Wednesday, December 18, 2024

Why Neil deGrasse Tyson Will Never Be Invited To My Dinner Parties

Neil deGrasse Tyson doesn’t seem like a very fun dinner guest to host. This is to say nothing of whether Tyson is an important or influential cultural totem; no doubt he’s both. But is his conversation threads the right choice whilst chewing a roasted squab drizzled with some port wine sauce? Because sometimes it seems like the world’s biggest astrophysicist can also be the world’s biggest downer.

“Have a nice day”? Seriously, guy? Sure, I’ll have a fine week actually as thoughts currently reverberate over the meaninglessness of human creation and ingenuity if one day all of it’s going to crumble into ashes. The city of Pompeii appears to us not as a warning, but as prophecy.

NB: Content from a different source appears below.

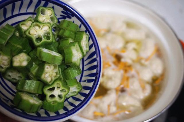 6、接着放入虫草花和秋葵,开锅加入少许盐即可。

At times like this, Woody Allen speaks for us all.

This isn’t the first time Tyson has (not-so) gently reminded us of humanity’s possible larger futility in the universe. About two years ago he was on All In with Chris Hayes to promote his show Cosmos. Hayes poked Tyson, asking what his shortlist of unresolved questions regarding the universe was. The conversation tumbled into questions of alien lifeforms and Tyson eventually said the following:

“My great fear is that we’ve in fact been visited by intelligent aliens, but they chose not to make contact, on the conclusion that there’s no sign of intelligent life on Earth.”

Essentially, he goes on, perhaps aliens did contact us and continue to do so, but we lack the technological advancements possible to receive their message. Our modern iteration of humanity has existed for approximately 200,000 years. A long time. However, we did not detect the presence of radio waves until about 200 years ago. So is it that radical a thought to consider we have not yet detected the medium for a message long conveyed to us?

Furthermore, our use of radio waves to broadcast some of our earliest TV programming means that’s the message we’ve been sending to the rest of the known universe. A bunch of aliens could currently be mocking us, judging from cultural representations like I Love Lucy and The Honeymooners. Just think about it: We make fun of us now for that shit!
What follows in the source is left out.